In December 2006, the Standing Senate Committee on Aboriginal Peoples released a special report on the Federal Specific Claims Process, decisively titled “Negotiation or Confrontation: It is Canada’s Choice.”

In the foreword comes a key line, “Currently, everything is done on Canada’s terms and the government is both defendant and judge.” Accurate as that statement is both for Specific Claims and the state of Canada’s relations with Indigenous peoples in general, “currently” suggests a generous temporality, an air of potential flexibility that more than a decade later and to the contrary of reconciliation rhetoric, has not been borne out.

That our federal and provincial governments are “both defendant and judge” is the inextricable context that mainstream media and governments fail to appreciate, convey, or both, in so many briefings and reports of arrested protestors, civil and criminal charges, and other supposedly objective framings of “law breakers.”

These are narratives neglectful of history, up to and including the present, which shows repeatedly that justice and the law are not invariably aligned. More to the point for our purposes: when it comes to colonial settler governments’ relationship to Indigenous peoples, justice and the law are almost never aligned.

Nalcor’s injunction at the Muskrat Falls worksite, the breaking of which in the Fall of 2016 led to multiple arrests and the jailing of three Indigenous elders, is a case in point. Prominent St. John’s defence lawyer Mark Gruchy, currently representing 29 Labrador Land Protectors (LLP), describes the injunction as follows:

“The trouble is, the evolution of the injunction as a remedy taken up by corporations, particularly in a context featuring indigenous issues, does not fit very well into any viable or vital integrated moral philosophy underlying the law. It simply doesn’t. It is perhaps the most glaring example of this in our entire socio-legal order.”

True, if methylmercury bioaccumulates to unsafe levels in the food chain, government has pledged to provide compensation.

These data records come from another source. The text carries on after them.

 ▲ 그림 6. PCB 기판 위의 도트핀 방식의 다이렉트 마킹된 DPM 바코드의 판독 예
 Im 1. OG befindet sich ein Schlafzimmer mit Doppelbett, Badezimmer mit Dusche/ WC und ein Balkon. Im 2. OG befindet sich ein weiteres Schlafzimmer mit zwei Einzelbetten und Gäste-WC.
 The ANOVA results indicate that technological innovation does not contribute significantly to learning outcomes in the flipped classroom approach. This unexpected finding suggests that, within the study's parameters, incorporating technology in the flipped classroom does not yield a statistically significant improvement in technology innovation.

But this presumes a lost way of life and sustenance can be redeemed with money

That Nalcor and the government employed the injunction as a tool to suppress dissent is evident, as is the underlying implication of immoral behaviour by the accompanying narrative of “protestors breaking the law.”

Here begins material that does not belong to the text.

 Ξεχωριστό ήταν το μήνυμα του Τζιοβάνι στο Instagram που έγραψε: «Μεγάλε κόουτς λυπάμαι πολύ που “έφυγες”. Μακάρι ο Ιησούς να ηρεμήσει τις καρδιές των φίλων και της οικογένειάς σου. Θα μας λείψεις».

It seems doubtful though that those in power allowed themselves to consider how responding to valid, non-violent, organized, primarily Indigenous activism with arrests, charges, and detainment so clearly constitutes the continuation of a coercive colonial process, once more shown to be decidedly not behind us.

Still, deliberately or not, the government soon acknowledged the gap between justice and their own application of the law in the forming of the Independent Expert Advisory Committee (IEAC).

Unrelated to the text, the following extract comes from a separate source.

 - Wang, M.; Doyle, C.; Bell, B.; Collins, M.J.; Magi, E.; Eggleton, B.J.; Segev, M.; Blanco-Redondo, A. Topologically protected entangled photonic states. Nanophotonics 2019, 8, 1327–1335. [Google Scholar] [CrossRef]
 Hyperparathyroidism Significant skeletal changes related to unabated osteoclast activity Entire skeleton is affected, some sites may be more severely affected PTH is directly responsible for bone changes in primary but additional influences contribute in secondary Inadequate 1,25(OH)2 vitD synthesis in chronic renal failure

The IEAC, “guided by the best available peer-reviewed science and Indigenous knowledge,” was commissioned by government “to recommend measures to protect the health of the Indigenous and local population from the effects of methylmercury.” This committee, which so emphatically should have been a precondition of the project from the outset, was struck during negotiations with members of the LLP—negotiations that took place only in direct response to protests.

In other words, government agreed to properly address their own potential poisoning of an ancient food and water source only after driving those who rely on it to protect it by any means necessary. And then arresting them for doing so. Nothing short of law-breaking and hunger strikes compelled government to even put themselves in a position to do the right thing.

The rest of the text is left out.